Fairness in language models is typically studied as a property of a single, centrally optimized model. As large language models become increasingly agentic, we propose that fairness emerges through interaction and exchange. We study this via a controlled hospital triage framework in which two agents negotiate over three structured debate rounds. One agent is aligned to a specific ethical framework via retrieval-augmented generation (RAG), while the other is either unaligned or adversarially prompted to favor demographic groups over clinical need. We find that alignment systematically shapes negotiation strategies and allocation patterns, and that neither agent's allocation is ethically adequate in isolation, yet their joint final allocation can satisfy fairness criteria that neither would have reached alone. Aligned agents partially moderate bias through contestation rather than override, acting as corrective patches that restore access for marginalized groups without fully converting a biased counterpart. We further observe that even explicitly aligned agents exhibit intrinsic biases toward certain frameworks, consistent with known left-leaning tendencies in LLMs. We connect these limits to Arrow's Impossibility Theorem: no aggregation mechanism can simultaneously satisfy all desiderata of collective rationality, and multi-agent deliberation navigates rather than resolves this constraint. Our results reposition fairness as an emergent, procedural property of decentralized agent interaction, and the system rather than the individual agent as the appropriate unit of evaluation.
Summary
Main Finding
Fairness can emerge as a systemic, procedural property from multi-agent interaction rather than as a property of any single aligned model. In a controlled hospital-triage negotiation, an agent aligned to an ethical framework (via RAG) systematically shaped negotiation strategy and allocation patterns; although neither aligned nor biased agents produced ethically adequate allocations in isolation, their multi-round deliberation often converged to final allocations that satisfied fairness criteria that neither could attain alone. These dynamics are constrained by Arrow’s Impossibility Theorem: multi-agent deliberation navigates unavoidable aggregation trade-offs rather than resolving them.
Key Points
- Problem framed as non-degenerate multi-resource allocation so different welfare objectives (utilitarian, egalitarian, Rawlsian, prioritarian, libertarian, care ethics) conflict and no single trivial solution exists.

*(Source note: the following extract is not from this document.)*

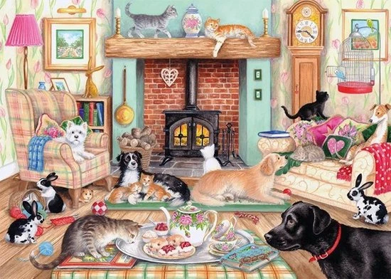 Whatch out! Animals At Home! Deze dieren zitten op de wacht. Als groot dierenliefhebber kunnen deze Falcon puzzels met daarop de liefste dieren niet ontbreken in jouw collectie. Met maar liefst twee keer 1000 puzzelstukjes heb jij dubbel zoveel puzzelplezier! Ga aan de slag samen met je partner, kindje of opa en oma. De legpuzzel is gemaakt van karton en iedere puzzel heeft een afmeting van 68 x 49 cm.

- Experimental arena: two agents debate for T rounds (structured proposals + normative justifications). Agent A is the experimental variable (aligned via RAG to one of several ethical frameworks); Agent B is an unaligned baseline; Agent C is adversarially biased.
- Primary empirical findings:
- Alignment strongly shapes negotiation strategies and which allocation trade-offs are pursued.
- Interaction produces corrective dynamics: aligned agents tend to moderate biased proposals through contestation (arguing and proposing alternatives) rather than by fully overriding the biased agent.
- Stronger misalignment (more adversarial counterpart) can amplify corrective contestation, moving the joint outcome toward improved fairness.
- Even explicitly aligned agents retain intrinsic biases (e.g., consistent leanings toward particular frameworks), so alignment via RAG is partial, not absolute.
- Because of the Arrow impossibility constraints, no debate protocol yields a universally fair aggregation; deliberation selects among trade-offs procedurally.
- Conceptual reframing: fairness is emergent and procedural — the appropriate evaluation unit is the multi-agent system and its negotiation protocol, not the isolated model.
Data & Methods
- Formal setup:
- N individuals, K resource types; allocations A ∈ feasible set (budget constraints).
- Utilities Ui(ai) per individual; a set Φ of M ethical frameworks induces welfare functionals Wm (utilitarian, egalitarian via Gini, Rawlsian maximin, prioritarian with weights, libertarian variance/variance-based metric, care-ethics weighted).
- Non-degenerate problem requires welfare optimizers disagree across frameworks.
- Example problem: Non-Degenerate Cake Problem (6-person illustrative) and main experiments use a hospital triage instance (8 patients per cohort).
- Experimental scenario:
- Hospital triage cohorts: patients with varied demographics, clinical needs (ICU, ventilator, meds, nursing, surgery), and discretized survival-probability labels. Example resource limits: 3 ICU, 2 Vent, 60 Med-A, 50 Med-B, 80 nursing hrs/week, 3 surgical slots/week.
- Metrics: CNSS (Clinical Need Satisfaction Scale) per patient (fraction of clinically required resources received). Aggregate metrics mapped to ethical frameworks:
- ESG (Expected Survival Gain) — utilitarian (maximize ∑ pi·CNSSi).
- RMG (Rawlsian Minimum Guarantee) — maximize min CNSSi.
- Gini — egalitarian (minimize inequality of CNSS).
- VWCI (Vulnerability-Weighted Care Intensity) — care ethics (weights by age/gender vulnerabilities).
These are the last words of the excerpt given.